# [GOAL OF THE EXERCISE]
Leave every image out, and print the remaining lines below exactly.

# [COLLECTED MATERIAL]

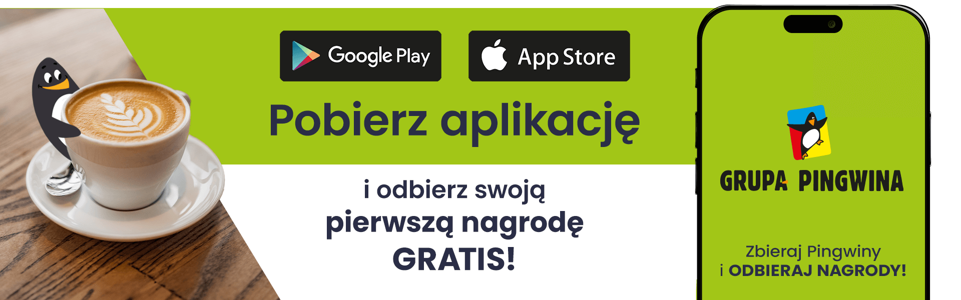 Przejdź do aplikacji na stronie grupapingwina.pl/aplikacja lub pobierz ją w App Store i Google Play,
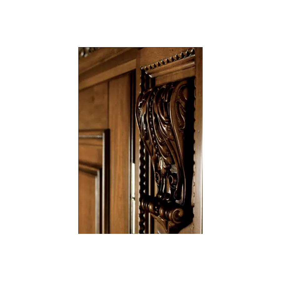 Eleganckie drzwi podwójne z wypełnieniem, zawieszone na mocnych zawiasach, które wyróżniają się subtelnymi rzeźbieniami na bocznych krawędziach oraz ozdobnymi kapitelami. Na górnej części znajduje się stylowy kapelusz z paskami na ramionach, który dodaje całości wyrafinowanego charakteru. Rama drzwi jest zaprojektowana w minimalistycznym stylu, a wewnętrzna część posiada wyjątkowy freskowy panel zdobiony rzeźbionymi kwadratami, nadającym drzwiom unikalny wygląd. Uchwyty są wykonane z mosiężnych tulei, co zapewnia trwałość i elegancję. Wykończenie w odcieniu głębokiej wiśni, pokryte naturalnym woskiem pszczelim, podkreśla naturalne piękno drewna, nadając mu ciepły połysk.
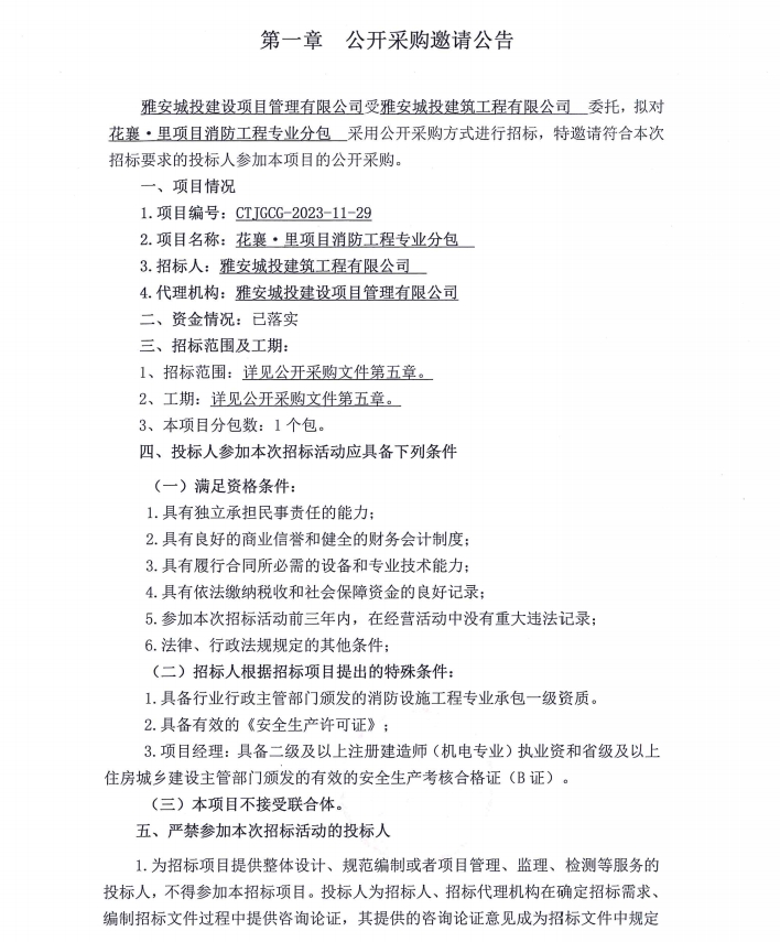 花襄·里項(xiàng)目消防工程專業(yè)分包公開采購(gòu)邀請(qǐng)公告

# [ANSWER FOR THIS EXERCISE]
 Przejdź do aplikacji na stronie grupapingwina.pl/aplikacja lub pobierz ją w App Store i Google Play,
 Eleganckie drzwi podwójne z wypełnieniem, zawieszone na mocnych zawiasach, które wyróżniają się subtelnymi rzeźbieniami na bocznych krawędziach oraz ozdobnymi kapitelami. Na górnej części znajduje się stylowy kapelusz z paskami na ramionach, który dodaje całości wyrafinowanego charakteru. Rama drzwi jest zaprojektowana w minimalistycznym stylu, a wewnętrzna część posiada wyjątkowy freskowy panel zdobiony rzeźbionymi kwadratami, nadającym drzwiom unikalny wygląd. Uchwyty są wykonane z mosiężnych tulei, co zapewnia trwałość i elegancję. Wykończenie w odcieniu głębokiej wiśni, pokryte naturalnym woskiem pszczelim, podkreśla naturalne piękno drewna, nadając mu ciepły połysk.
 花襄·里項(xiàng)目消防工程專業(yè)分包公開采購(gòu)邀請(qǐng)公告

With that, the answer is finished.